Whether the data is good or bad, once interventions are made a counterfactual problem arises. The path having been taken, you cannot prove what would have happened otherwise – and by extension whether your product was right.
A/B testing can address this, in principle: let a small number of users through without intervention, and see if your predictions were correct. But in practice this can be a tough sell in cases where there is a very measurable cost – financial or otherwise – of not intervening. And even if agreed, there may be a temptation to constrain the test artificially and thereby undermine its premise.
Then there’s the well-publicised black box challenge of ML products. We may know the input and the output, but not what the algorithm did in between. This is the question of “explainability”: the extent to which a human can analyse and explain the reasoning behind a prediction made by ML. In the UK, the Information Commissioner’s Office and The Alan Turing Institute are developing practical guidance and checklists to help with this challenge.
Different ML techniques have different levels of explainability. For example, decision trees are more explainable than neural networks, which are more sophisticated. There’s often a tradeoff between accuracy and explainability. Going all out for accuracy without considering how your users will digest the output can undermine trust in your product. How can you trust this thing if you can’t understand it?
If you’re offering a B2B service, this can affect both the buyer of your product and the end users. The end users may perceive machine learning as a threat, rightly or wrongly. Even products which set out to augment existing teams will change how they work, and change is hard. For example, an insurance analyst may shift from personally reviewing applications to directing ML-driven review tools and investigating macro level trends.The perceived impact needs to be thought through and mitigated.
Given these particular challenges, how should the ML product be managed?
To address the critical role of data quality, you need to focus on how data is received and stored, and who is responsible. Data engineering is commonly thought of as the plumbing, but I don’t think that really does it justice; it’s also the architectural plans and foundations of the house. Without good data engineering the edifice will fall apart. So it’s important to consider who will work on it, their level of experience, and how much time should be dedicated to it. Rather than distribute the responsibility, it may be beneficial to have a centre of excellence in the interests of consistency, efficiency and ensuring the data gets the attention it deserves.
At Ravelin, for example, one of our teams is explicitly focused on data engineering. The team supports the needs of multiple other teams such as data scientists, analysts, and integration engineers. This runs the gamut of raw data being received to insights being extracted. In between, data may need to be normalised to ensure consistency and aid comparison; it may need to be enriched with complementary data sources; numerical values may need to be fed into calculations to populate a different data field; the list of actions goes on. And it’s not just the data this team grapples with, it’s also the surrounding infrastructure and pipeline for training and deploying models.
Data Science and Analysis
When it comes to data science, you could choose to create a centralised shared service team, or else distribute data scientists in multidisciplinary teams. Each approach has trade-offs.

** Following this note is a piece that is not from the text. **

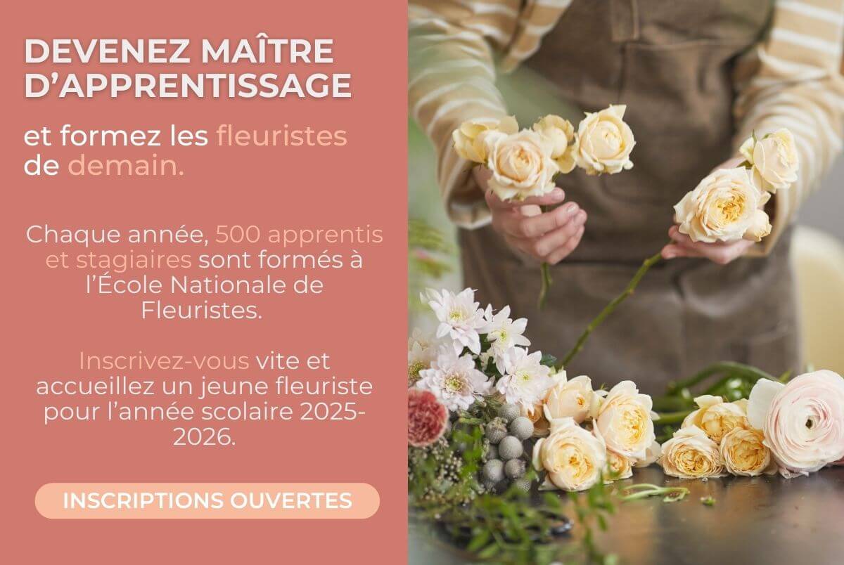 Chaque année, 500 apprentis et stagiaires sont formés à l’École Nationale de Fleuristes. Inscrivez-vous vite et accueillez un jeune fleuriste pour l’année scolaire 2025-2026

With a centralised team, especially one where the data scientists are largely working on the same problem area, the central model makes it easier for lessons to be shared daily and applied rapidly. It creates a shared purpose and a focal point of responsibility for the accuracy of the ML: the buck stops here. It may also be the only option, depending on the size of the company or number of data scientists. The risk is the team becomes a functional silo, not working closely enough with product-engineering teams, with goals and priorities which are not in sync.
Conversely, embedding the data scientists in cross-functional teams can help with alignment and the early stages of new product development. That team will have reduced dependencies and increased autonomy. But this may not fit so well with the skillsets, areas of interest and future development of the data scientists. It may disrupt the balance of operational data science work, such as constantly training new models, and new product development work. Asking a data scientist to focus only on one area might be equivalent to asking a product manager to only look at the UX, or only the tech, or only the business.
The most important thing is close collaboration between data science, product and engineering, regardless of structure. Make sure you don’t miss out on the considerable brains trust of the data science team, including in less obviously “data sciencey” areas. On the one hand, you can add further diversity of thought to your decision-making. And on the other, you should ensure you aren’t making product changes with unforeseen impact on the quality of your ML. For example, you could unwittingly stop models from learning by encouraging user behaviour which cuts out particular data signals.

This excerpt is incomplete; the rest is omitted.